The sections were subjected to antigen retrieval by using 0.125% trypsin and 20 μg/mL proteinase K at 37 °C for 30 min, blocked with 5% bovine serum albumin (BSA, Solarbio, Cat# A8010) for 1 h, and incubated with primary antibodies against CACNA2D1 (Abcam, Cat#AB238110), TNF-α (Abcam, Cat#AB183218), iNOS (Abcam, Cat#AB178945), CD68 (Proteintech, Cat#28058-1-AP), CD163 (Abcam, Cat#AB156769), at a dilution of 1:200 by 3% w/v BSA overnight at 4 °C. Next, FITC or Rhodamine-labeled secondary antibodies (ZSGB-BIO, diluted with PBS, Cat#ZF-0311 and Cat#ZF-0313) were applied to bind primary antibodies for 1 h. After washing with PBS, all samples were mounted with mounting media containing DAPI and viewed by a Leica SP8 laser scanning microscope or a Zeiss laser-scanning microscope. For semiquantification, the ratios of positive cells were calculated three times by a trained researcher who was blinded to the group design.

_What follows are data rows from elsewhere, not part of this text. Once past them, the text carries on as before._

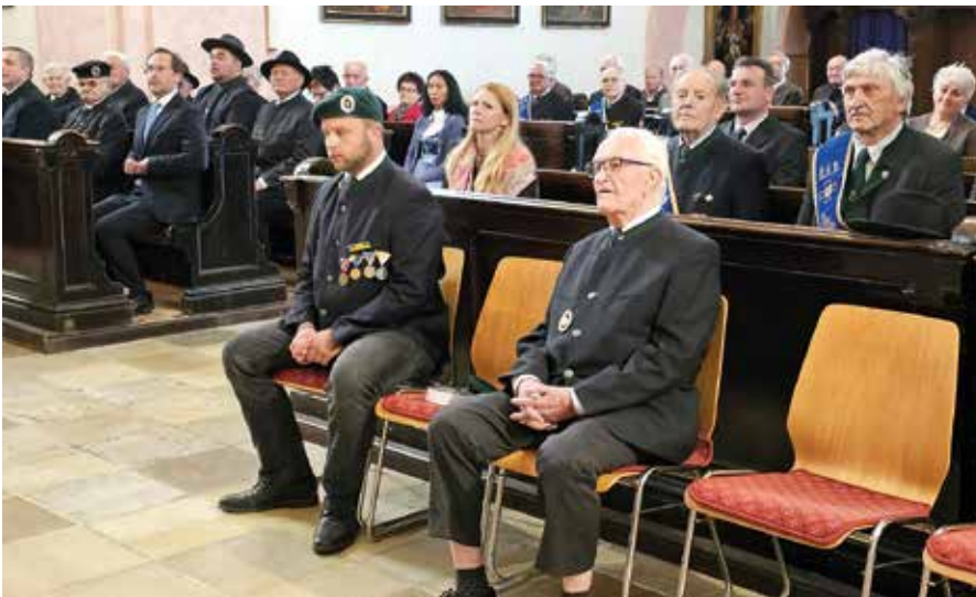
Blick auf die Ehrengäste und Abordnungen in den Bänken der Wallfahrtskirche
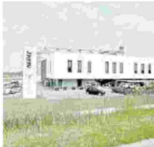
CEREALI L'azienda di Salara
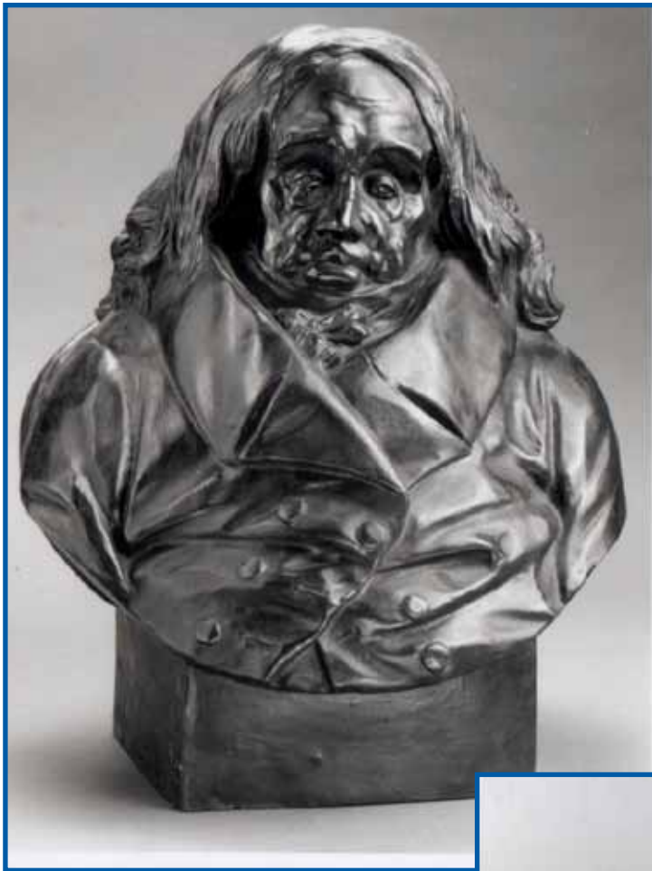
Buste Talleyrand :

«Dantan-Talleyrand-musée-du Louvre»
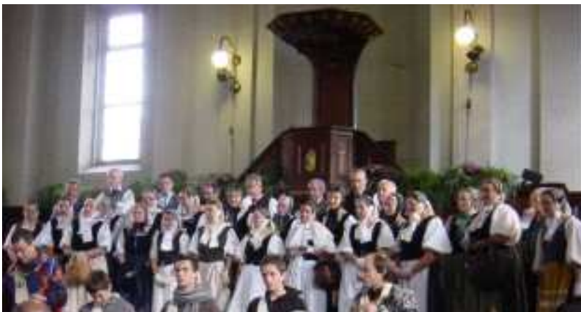
Ouverture officielle: Le Diari chante le Cry Des jeunes percussionnistes participent également
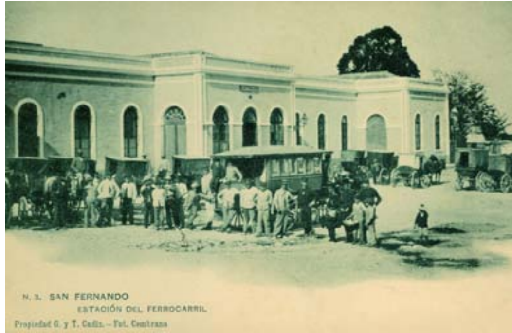
Dj7756. San Fernando. Estación del ferrocarril. Fotografía de Cebrano. Nº 3 de la edición de Giraldi y Torre. Impresión de Hauser y Menet, Madrid. 1902.

Immunohistochemistry staining

The selected sections were deparaffinized, blocked and incubated with primary antibodies against BMP2 (Abcam, Cat#AB214821), OCN (Abcam, Cat#AB93876), VEGFR-1 (Abcam, Cat#AB2350), and CD31 (Abcam, Cat#AB32457) at a 1:200 dilution by 3% w/v BSA overnight at 4 °C. After washing, all samples were incubated with horseradish peroxidase-conjugated secondary antibodies (ZSGB-BIO, diluted with PBS, Cat#PV-9001) and observed under a Zeiss light microscope. Each group comprised at least 3 slides, and each slide was observed at the defect margin and the defect center including the scaffolds.

Statistics and reproducibility

All experiments were repeated at least three times. The semiquantitative analysis was obtained from at least three samples and presented as the means ± standard deviation (SD). Statistical differences were assessed by Student’s t test (between two groups) and one-way ANOVA with Tukey’s post hoc multiple comparisons test (among three or four groups) by using GraphPad Prism 8 software (GraphPad Software Inc.). A P value less than 0.05 was considered statistically significant.

Reporting summary

Further information on research design is available in the Nature Portfolio Reporting Summary linked to this article.